** EXERCISE INSTRUCTIONS **
Would you reproduce exactly, and only, the lines starting at the one with "Профессиональная модель токовых" and ending at the last line of the data, with both included? Leave the pictures out.

** GIVEN RECORDS **
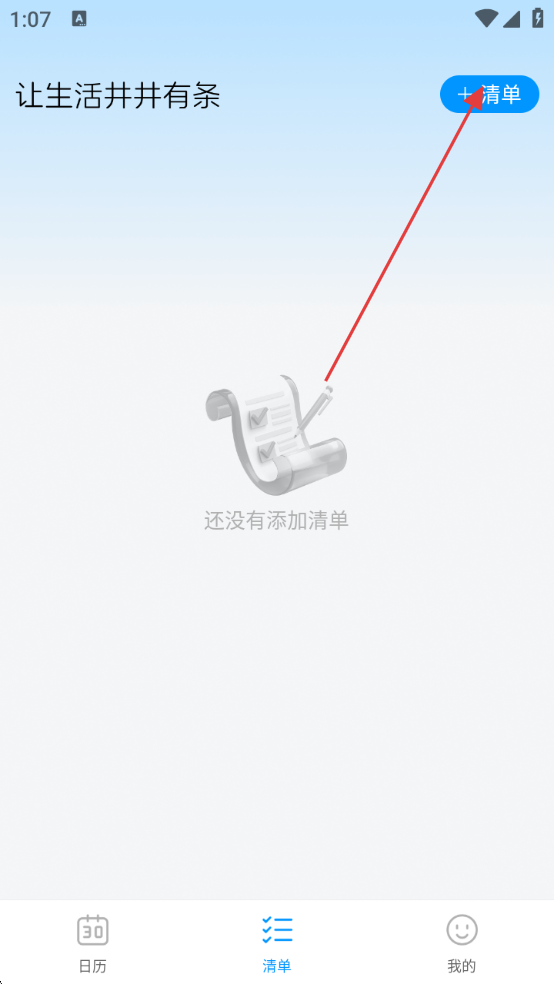 2、进入清单页面,然后点击右上角【+清单】。
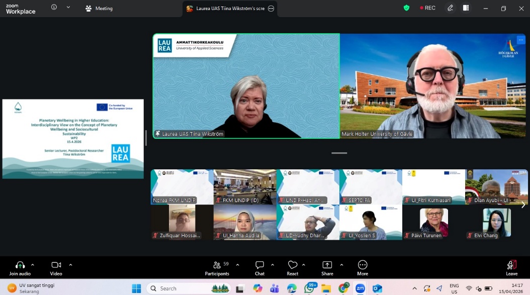 Semarang, April 15, 2026 – The Faculty of Public Health, Universitas Diponegoro (FKM UNDIP), conducted a Capacity Building Peer Group session as part of its participation in the International RESHAPE Program (Regenerating Socio-Cultural Sustainability and Planetary Wellbeing in Higher Education: A Global Partnership). The activity was attended by 25 participants, consisting of lecturers, administrative staff, and members of the Faculty Quality Assurance Team (TPMF), who actively engaged in online learning sessions with international partners.
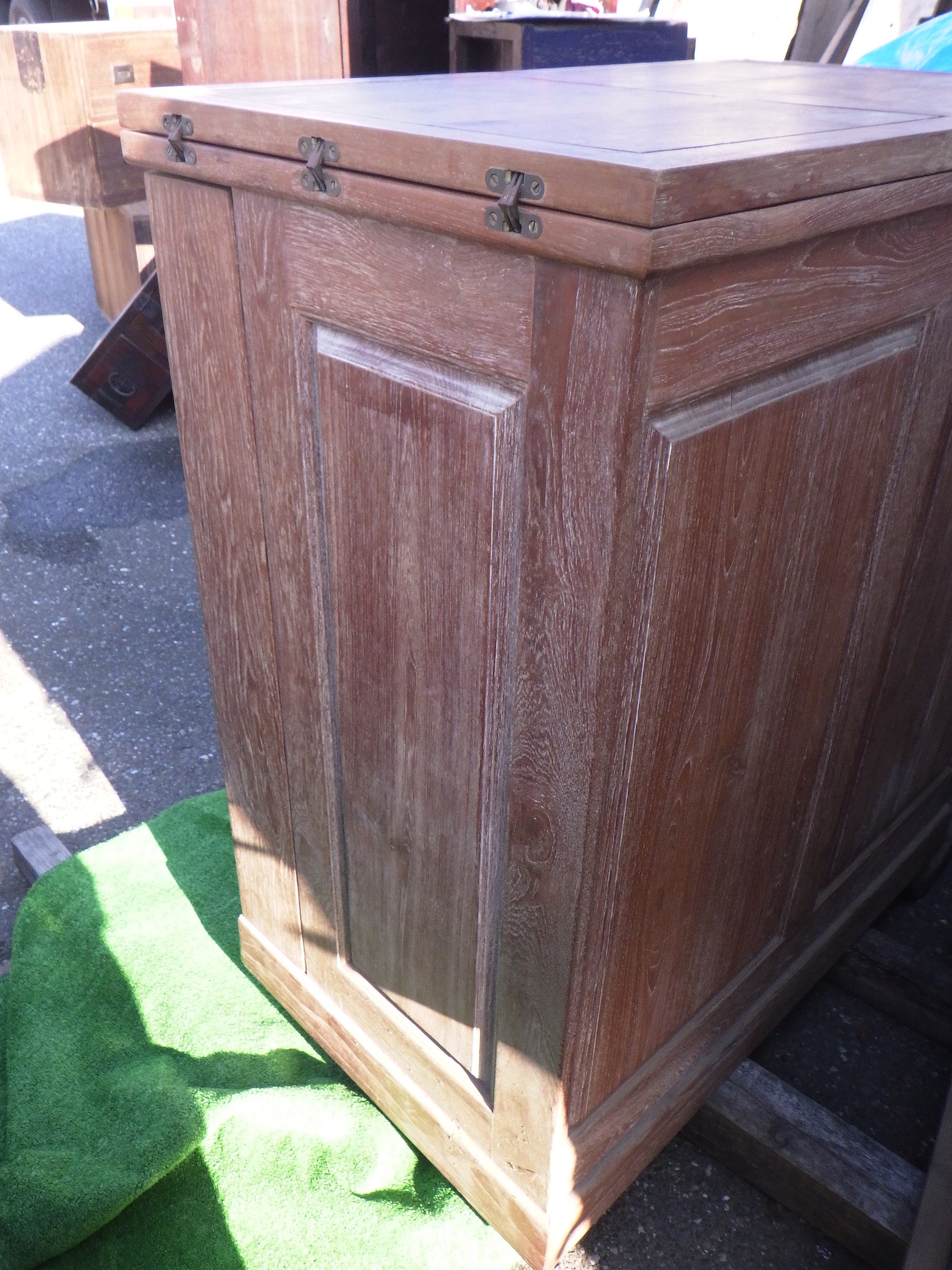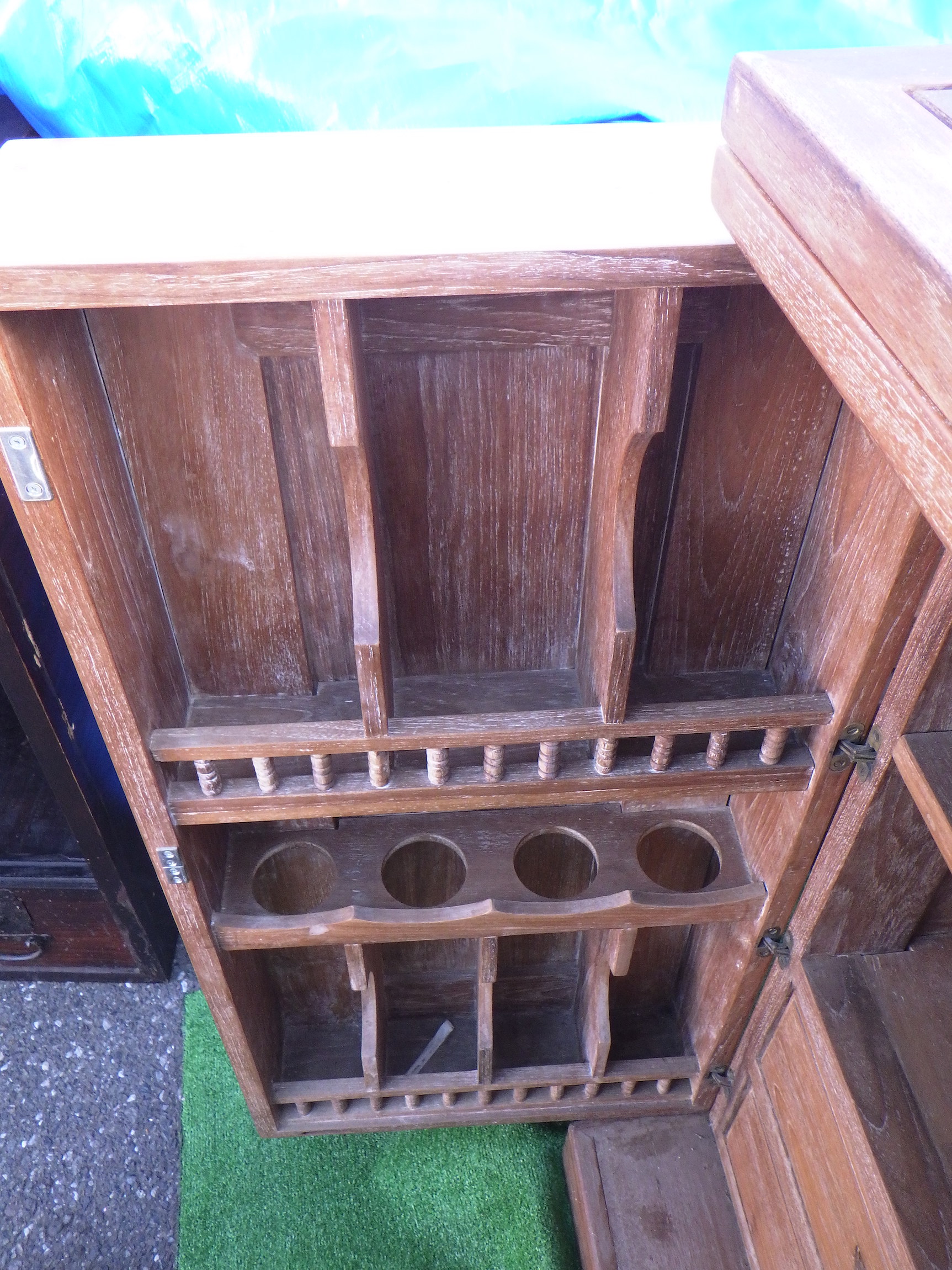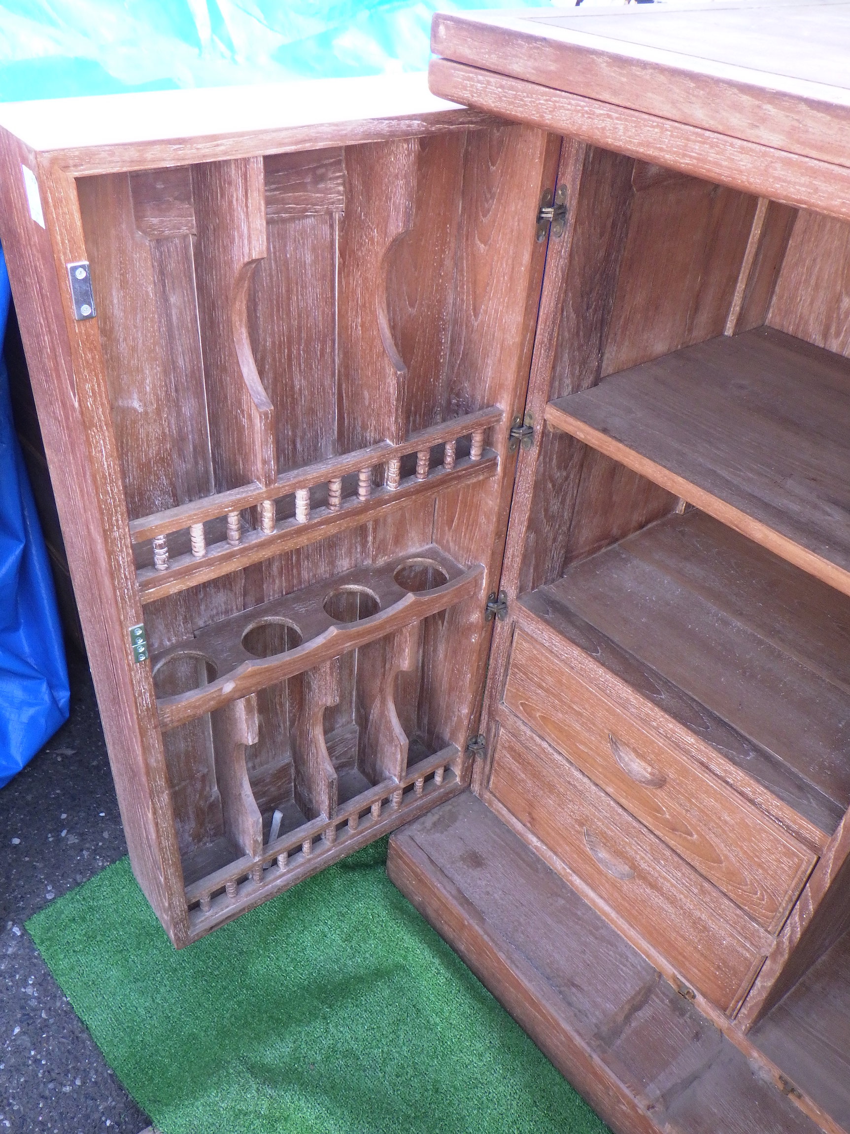 一見、戸棚のようですが、重厚な扉を開けると何本もワインをしまえる収納庫になっています。材質はおそらくチーク材と思われます。ただしまい込むのではなく、見せる収納のデザインになっているところがニクいです。天板は左右にひらきますのでちょっとしたテーブルのように使うこともできると思います。(開くと1825mm)素材にしても、デザインにしてもちょっと珍しいお品と言えそうです。
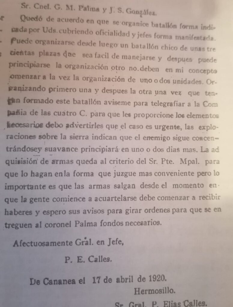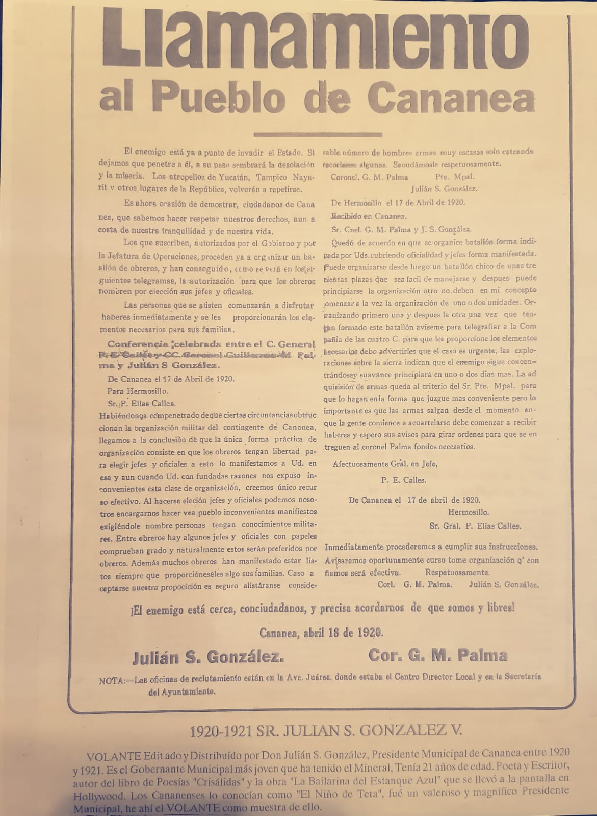 A continuación, un extracto del volante con fecha abril 18 de 1920, firmado editado y distribuido por el entonces presidente municipal Julián S. González y coronel G.M. Palma.
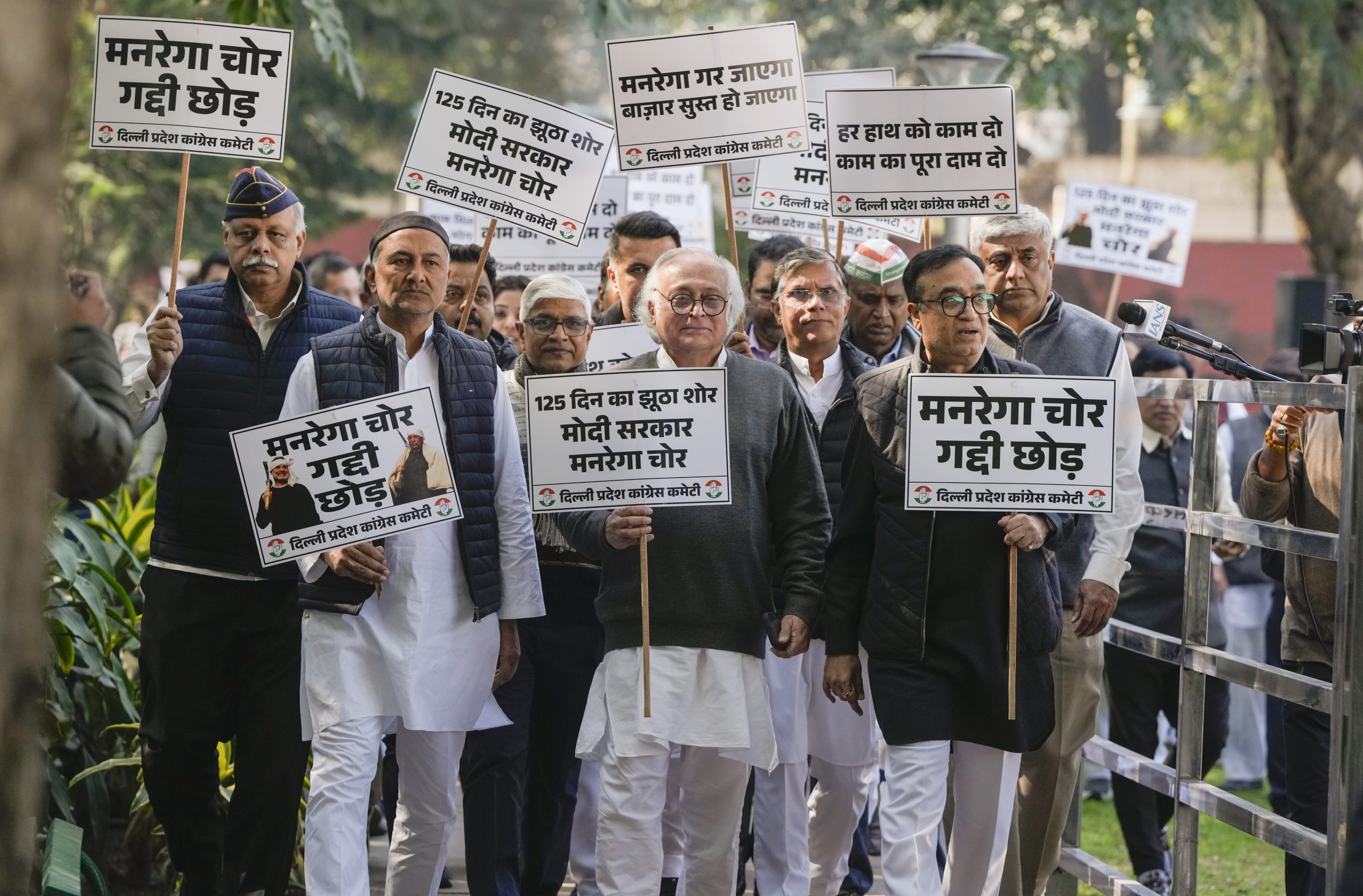 मनरेगा निरस्त: कांग्रेस का विरोध मार्च, बोली— पीएम नहीं चाहते थे गांधी से जुड़ा कानून चले
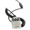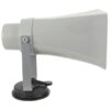 Active horn speaker with adjustable bracket and removable suction cup base for attaching to a vehicle roof. Power is connected via a 12V cigar lighter lead, delivering up to 25W power output. A detachable handset houses a push-to-talk microphone along with all controls and connectors for other functions. The top of the handset has ports for USB and SD media to allow audio playback and a 3.5mm auxiliary line input for external audio sources. An integral record function enables a speech message to be recorded up to 120 seconds and played back as a loop. Siren and whistle alerts can be activated by push buttons. Designed for mobile announcements or permanent installation for public address or alerts.
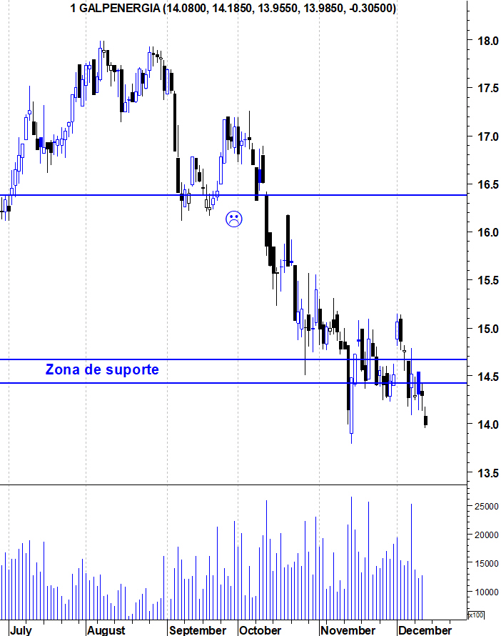 Está a perder importantes zonas de suporte. Primeiro os 16,4 e agora os 14,4.
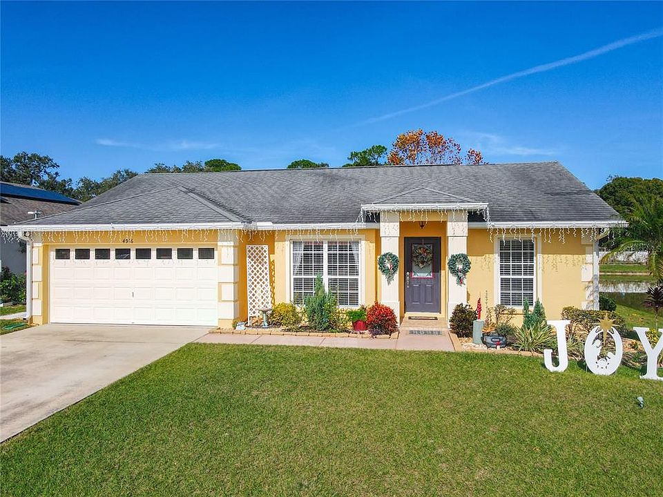 Welcome to your dream home! This meticulously maintained 3-bedroom, 2-bathroom gem boasts an open floorplan with cathedral ceilings, providing a spacious and inviting atmosphere. The split bedrooms offer privacy, and the home features brand-new stainless steel appliances, just one year old. Enjoy the tranquility of your fenced backyard with a charming garden, and relax on the screened 12x20 lanai with a beautiful view of a large pond – no rear neighbors ensure a quiet and private oasis. Don't miss the chance to call this serene property your own!
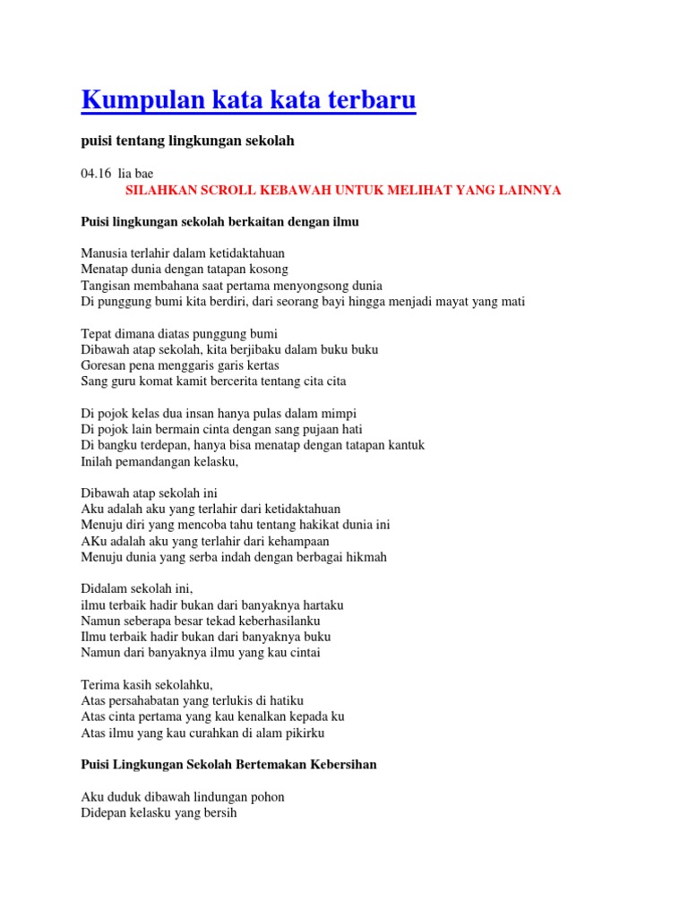 Puisi Lingkungan Sekolahku | Puisi, Lingkungan hidup, Hidup
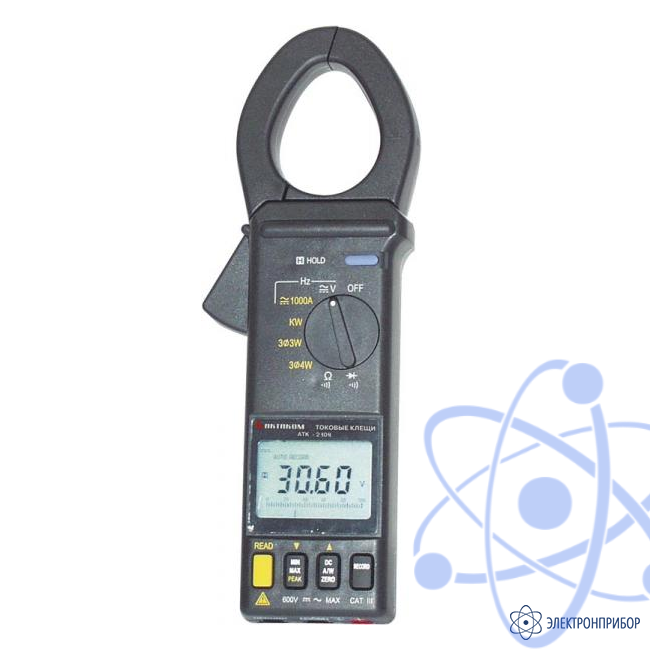 Профессиональная модель токовых клещей-ваттметра АТК-2104 с возможностью измерения параметров 3-фазных сетей. Имеет встроенный мультиметр, позволяет осуществлять регистрацию данных в ручном и автоматическом режиме, а также передавать данные в ПК через RS-232.
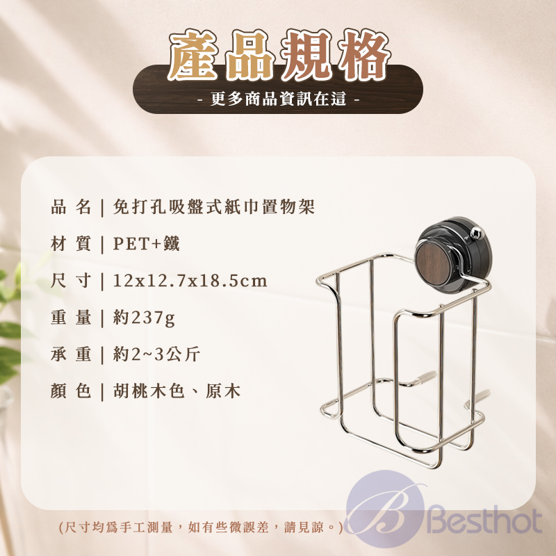 【Besthot】免打孔吸盤式紙巾置物架

** ANSWER **
 Профессиональная модель токовых клещей-ваттметра АТК-2104 с возможностью измерения параметров 3-фазных сетей. Имеет встроенный мультиметр, позволяет осуществлять регистрацию данных в ручном и автоматическом режиме, а также передавать данные в ПК через RS-232.
 【Besthot】免打孔吸盤式紙巾置物架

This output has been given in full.